Suivant un acte sous seing privé en date du 12 octobre 2018, [B] [Z] a souscrit auprès de Monsieur [K] [T], exploitant une activité sous l'enseigne Harmonie, un contrat de courtage matrimonial d'une durée d'un an, moyennant le prix de 2640 euros financé par l'octroi d'un crédit du même montant.

Lors de la conclusion de ce contrat, Monsieur [B] [Z] a remis à Monsieur [K] [T] un chèque non daté d'un montant de 2640 euros.

[B] [Z] est décédé le 4 décembre 2018, laissant pour unique héritière, sa fille, [H] [Z], née le 18 mai 2006.

Le 11 janvier 2019, Monsieur [K] [T] a encaissé le chèque de 2640 euros et a adressé à la succession de Monsieur [B] [Z] un chèque de 139,08 euros, correspondant aux deux premières mensualités de crédit déjà réglées.

Par lettre recommandée en date du 16 avril 2019, Madame [J] [R], représentante légale de [H] [Z], a vainement mis en demeure Monsieur [K] [T] de restituer la somme de 2640 euros.
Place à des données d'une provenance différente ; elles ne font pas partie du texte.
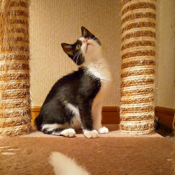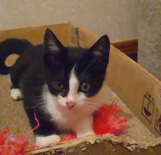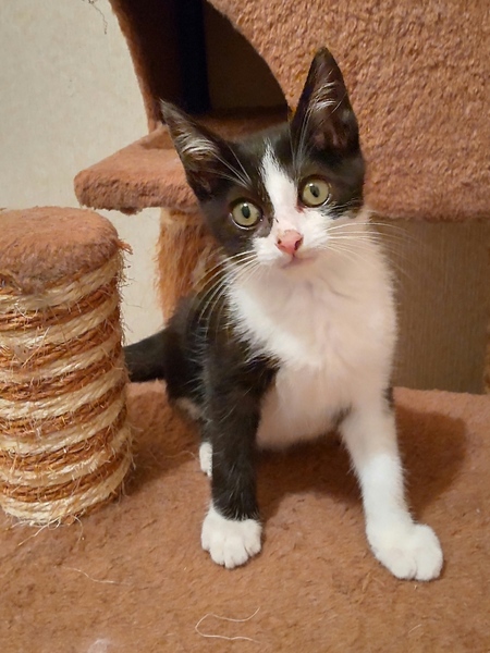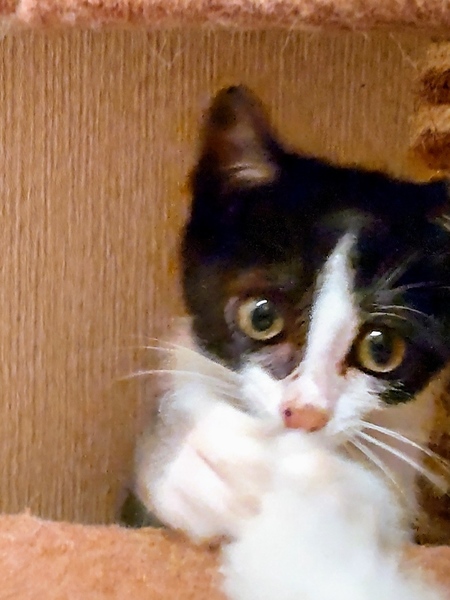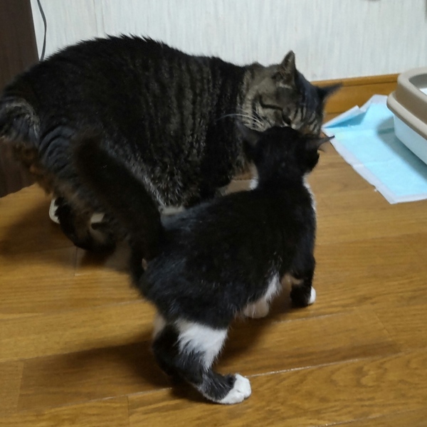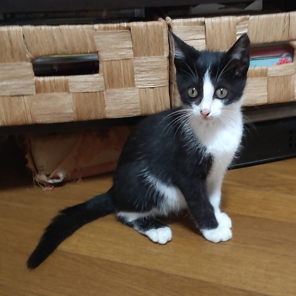 | 特徴(性格など) | 仮の名:セブン。 柄:ハチワレ 月齢:2ヶ月半位 1.1㌔ しっぽは長いです。 遊びも激しくなり子猫らしい仕草も見られる様になったセブン。抱っこもできます。保護してからずっとシャーもなく、人も猫も大好きな男の子です。 |

Par acte d'huissier de justice du 18 août 2020, Madame [J] [R], en qualité de représentante légale d'[H] [Z], a fait assigner Monsieur [K] [T], exploitant l'agence matrimoniale sous l'enseigne Harmonie, devant le tribunal judiciaire d'Epinal aux fins de voir :

- annuler le contrat de courtage matrimonial conclu entre Monsieur [B] [Z] et Monsieur [K] [T],

- condamner Monsieur [K] [T] à lui payer :

* la somme de 2640 euros au titre du préjudice matériel,

* la somme de 3000 euros au titre du préjudice moral,

* la somme de 2500 euros au titre de l'article 700 du code de procédure civile, ainsi que sa condamnation aux entiers dépens, dont distraction au profit de la Selarl Welzer et Associés.

Par jugement contradictoire du 22 juillet 2021, le tribunal judiciaire d'Epinal a :

- déclaré recevables les demandes principales en paiement formées par Madame [J] [R], en sa qualité de représentante légale d'[H] [Z], à l'encontre de Monsieur [K] [T],

- débouté Madame [J] [R], en sa qualité de représentante légale d'[H] [Z], de sa demande tendant à voir prononcer la nullité du contrat de courtage matrimonial et du contrat de crédit conclus le 12 octobre 2018 entre Monsieur [B] [Z] et Monsieur [K] [T],

- condamné Monsieur [K] [T] à payer à Madame [J] [R], en sa qualité de représentante légale de [H] [Z], la somme de 2640 euros à titre de dommages et intérêts,

outre les intérêts au taux légal à compter du présent jugement,

- débouté Madame [J] [R], en sa qualité de représentante légale d'[H] [Z], de sa demande en paiement de dommages et intérêts en réparation de son préjudice moral,

- dit n'y avoir lieu à faire application des dispositions de l'article 700 du code de procédure civile,

- condamné Monsieur [K] [T] au paiement des dépens.

Dans ses motifs, le tribunal a relevé que Monsieur [K] [T] n'effectuait pas des opérations de crédit à titre habituel, chaque contrat de courtage n'étant pas systématiquement accompagné d'un contrat de crédit, mais qu'il octroyait des crédits à la consommation à ses clients à titre de facilité de paiement des honoraires qui étaient la contrepartie de la prestation qu'il s'engageait à exécuter à leur profit, ce qui n'était pas interdit par la réglementation. Il a également constaté que le taux pratiqué ne dépassait pas le taux d'usure et que Madame [J] [R] ne rapportait pas la preuve d'un dol du prêteur ayant vicié le consentement de Monsieur [B] [Z] lors de la conclusion du contrat de courtage matrimonial.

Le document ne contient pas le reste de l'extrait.